Запястье кольнуло – и почти сразу же по руке вверх поползла приятная теплая волна. Файрра тем временем подсунула мне под нос какую-то мерзость: на минуту-другую ее запах вышиб из головы все мысли, но кашель почти сразу же прошел.

– Файрра? – все это время Каш'шшод неподвижно сидел на своем месте, наблюдая за нами.

– Воспоминания прорывают блокаду. После сегодняшней ночи процесс резко ускорился.

Я жадно глотал воздух, не делая особых попыток подняться.

– Что ж, этого стоило ожидать, – Каш'шшод помедлил, потом вздохнул. – Ты знаешь, что делать.

Файрра кивнула сперва отцу, потом Месстру; тот отпустил меня и вернулся на свое место. Она открыла небольшой контейнер, который я заметил только сейчас, и достала сверкающую зеркальными гранями пирамидку. Верх пирамиды раскрылся в руках девушки. Она осторожно поставила ее передо мною на песок.

– Ас-т'еда разрушит восстановленный нами барьер, – пояснила она, помогая мне сесть: после препарата стало намного лучше, но все еще кружилась голова. Смахнув с шерсти на моем затылке песчинки, она аккуратно вытянула из пирамидки бурый студенистый комок и быстро положила его мне на голову. – Постарайся не делать резких движений.

Пробудившаяся ас-т'еда растеклась по затылку. Я естественно этого не видел, но хорошо представлял, как превратившаяся в полупрозрачную лепешку ас-т'еда выпускает тонкие щупальца, осторожно раздвигающие шерсть; одно из щупалец поползло вниз, к позвоночнику. Затем всю заднюю часть головы и шею словно окатило ледяной струей: десятки почти невидимых нитей, без усилий пронзив кожу, дотянулись до черепа.

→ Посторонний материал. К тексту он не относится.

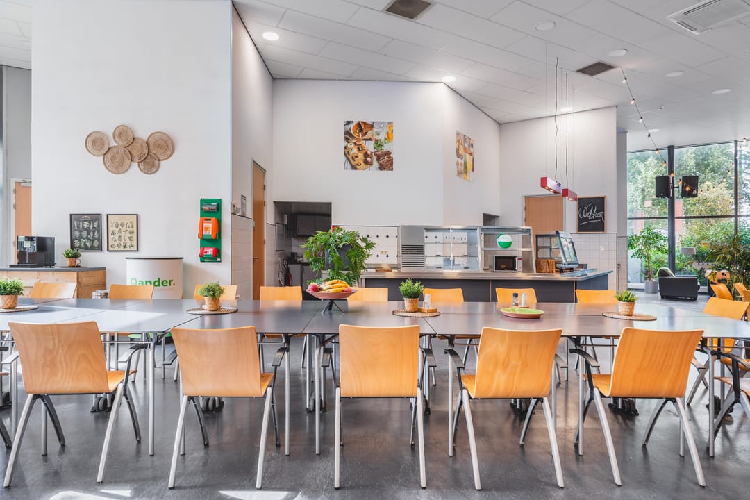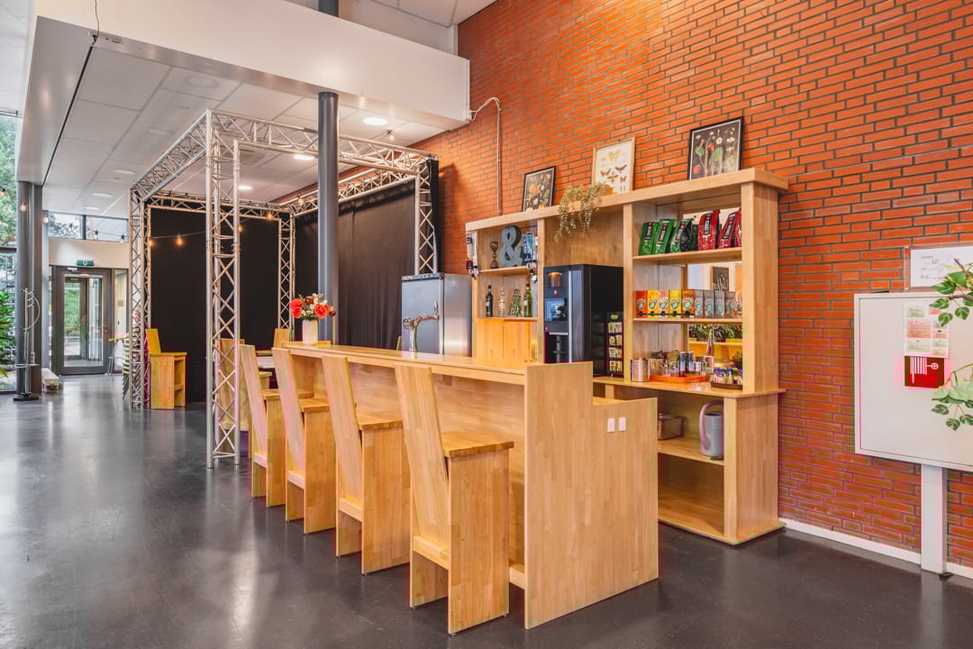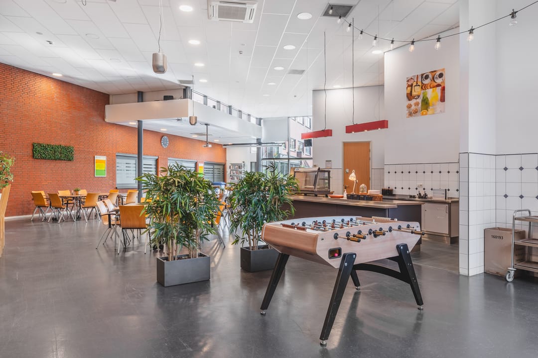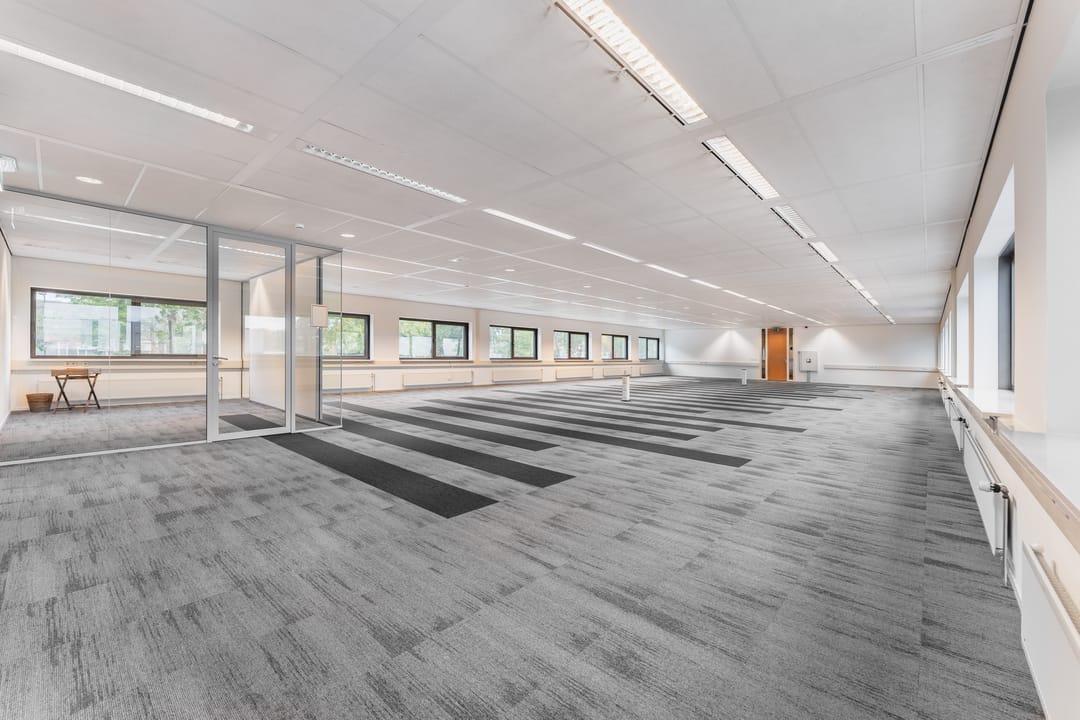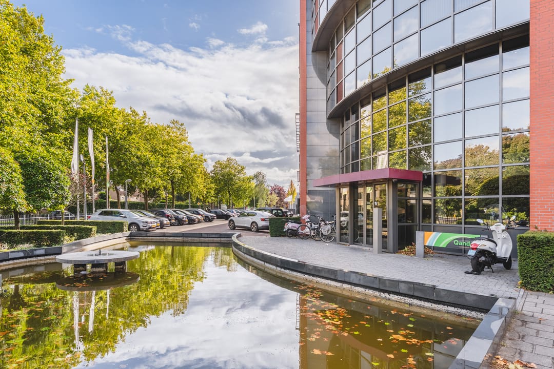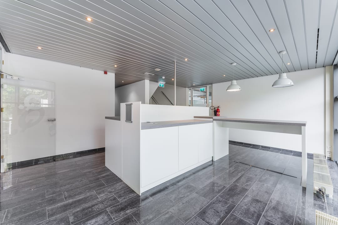 The heart of the building is formed by a communal area featuring wooden accents, a bar and comfortable seating where colleagues can meet informally. The space at the entrance is light and open, providing a professional and welcoming welcome for clients and visitors. With private parking on site or in the garage directly at the building, this is an attractive office location in Den Bosch.

– Это займет какое-то время, – Файрра провела портативным сканером у меня над головой.

– Я все вспомню? – прислушиваясь к ощущениям, поинтересовался я.

– Не все и не сразу. Ас-т'еда снимет установленную нами психоматрицу, но ничего не сможет сделать с теми блоками, которые выставило твое подсознание. Ты будешь вспоминать постепенно, но уже без борьбы с самим собой. А второй блок… – она беспомощно пожала плечами. – Я уже говорила: это нечто непонятное. Возможно, ты никогда не вспомнишь, что с тобой случилось.

– А это очень сильно все меняет, – не дал мне ничего сказать Каш'шшод. – Я не буду играть с тобой и скажу прямо: сейчас нет ни одной возможности убедить Империю, что ты действительно Х'хиар.

Я пристально посмотрел на Главу Стражей Небес:

– Ни одного? А генетическая карта?

Каш'шшод хмыкнул. Файрра, вернувшаяся на свое место, молча коснулась своего коммуникатора. Голограмма р'руга исчезла: вместо нее появились три нити, закрученные в тугую спираль.

– Это данные из архивов: клеткооснова Х'хиара, – чуть ниже появилась вторая спираль, но в отличие от первой по ней были разбросаны зеленые отметины. – Это твоя клеткооснова.

Каш'шшод тяжело посмотрел мне в глаза и закончил:

– Они не идентичны.

Я ошеломленно перевел взгляд с него на голограммы. Хотя, удивляться было нечему: стоило немного подумать – и я сам бы сообразил, что генетический анализ покажет различие с архивами. Но что-то во мне, несмотря на все случившееся, несмотря на все слова, упрямо не желало верить, не желало мириться.

Но, как и с собственным отражением, мне ничего не оставалось иного, кроме как принять неизбежное.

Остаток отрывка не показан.